I need to edit the DNS setting on both of our MR33 devices but can find no documentation on how to do this. Any help would be greatly appreciated.
Have you tried the methods in this document: https://documentation.meraki.com/MR/Monitoring_and_Reporting/Static_IP_Assignment_on_a_Cisco_Meraki_...
I'd post excerpts but they're fairly long. 🙂
Yes, I have tried that. The current setting is DHCP. When I change to Static, edit the DNS settings and click save, the value does not change.

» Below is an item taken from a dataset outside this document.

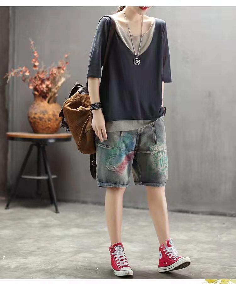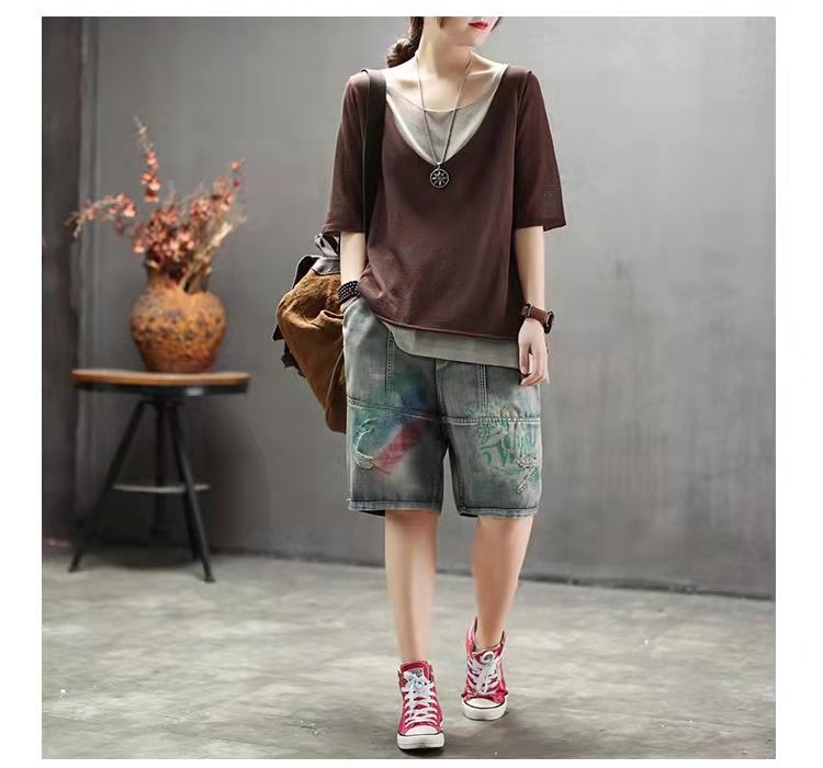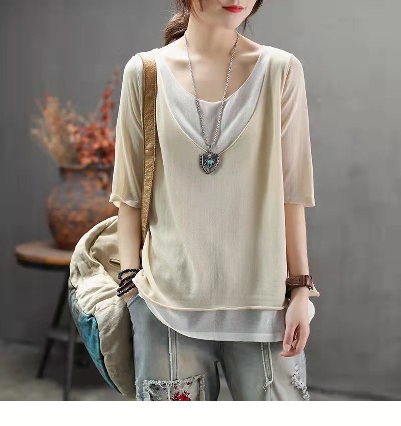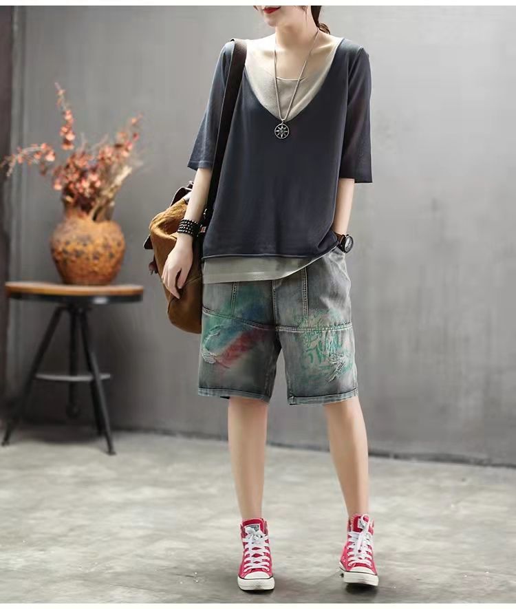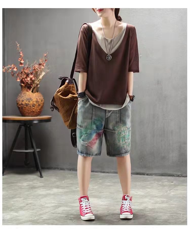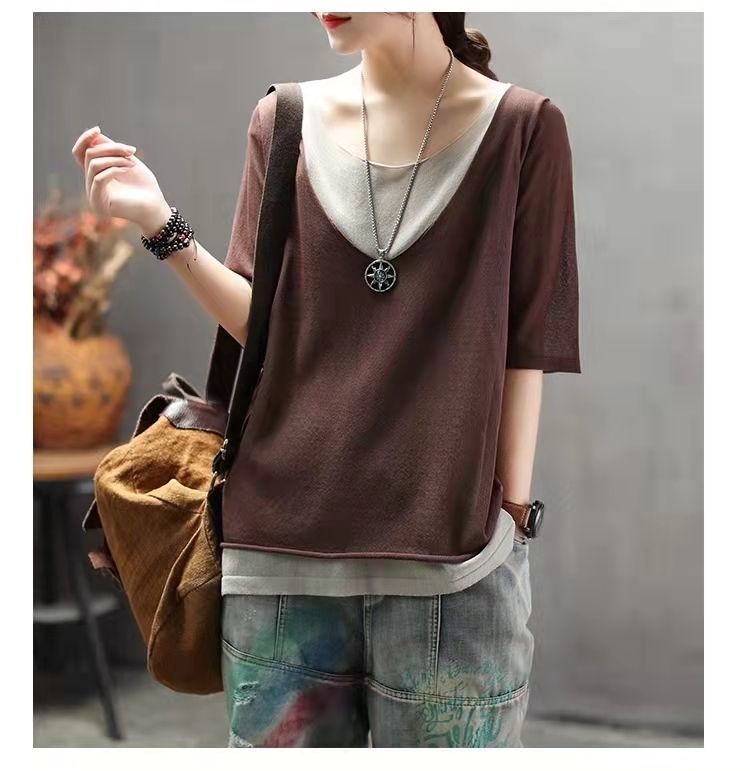 棉麻假兩件拼色v領寬鬆休閒百搭短袖T恤

It stay on DHCP and the old DNs remains.
When you say value, do you mean the assigned IP? Or the place where you config a static IP on the AP itself?
If on the AP itself, is the config updating?
If it's staying on a DHCP IP address, are you getting an IP address on the same subnet as the static would be? Can that AP ping the gw for the static IP?
I removed the old DHCP entries for both APs. I then edited as described on the help page you posted, setting the IP to a different static IP, added the gateway and DNS server IPS, clicked save and restarted both APs.
This snip shows my changes
This snip shows the results after restarting one of the APs. The values are the same as they were before the changes made above.
Why can't you leave the AP on DHCP and just pick up the new settings from your DHCP server?
@PhilipDAth wrote:Why can't you leave the AP on DHCP and just pick up the new settings from your DHCP server?
Honestly, this. I'm in an environment where people are forcing manually configured static IPs.
My preference would be DHCP reservation, specifically so you can easily change things like DNS.
For whatever reason, the DHCP server, which is installed on the primary DC, is not pushing the new DNS address to the access points. This is why I wanted to try setting them as static, to force the DNS setting on the APs to point to the correct DNS servers.
Okay, if the DHCP server is being weird, I think that's where you need to be looking. Not so much on the APs, especially if you've already forced a reboot/forced them to grab a new lease.
I'd do a packet capture and have a look at the DHCP process for one of the APs after reboot. Look at what's in there (what's the AP asking, what's the server giving). That should let you know where to look next.
I am very new to the Meraki environment. Where would I perform the packet capture on the AP
Absolutely positive the 192.168.100.14 address is no longer in use.
the vlan field must be empty when setting a static ip on the AP. assign it a IP in the native vlan thats configured on the connected switchport
It is empty
Have you updated the DHCP server to give out the new IP address for your new AD controller?
In my experience it takes a while for the web pages to update when you change the IP from DHCP to static on a new switch or AP. I just wait.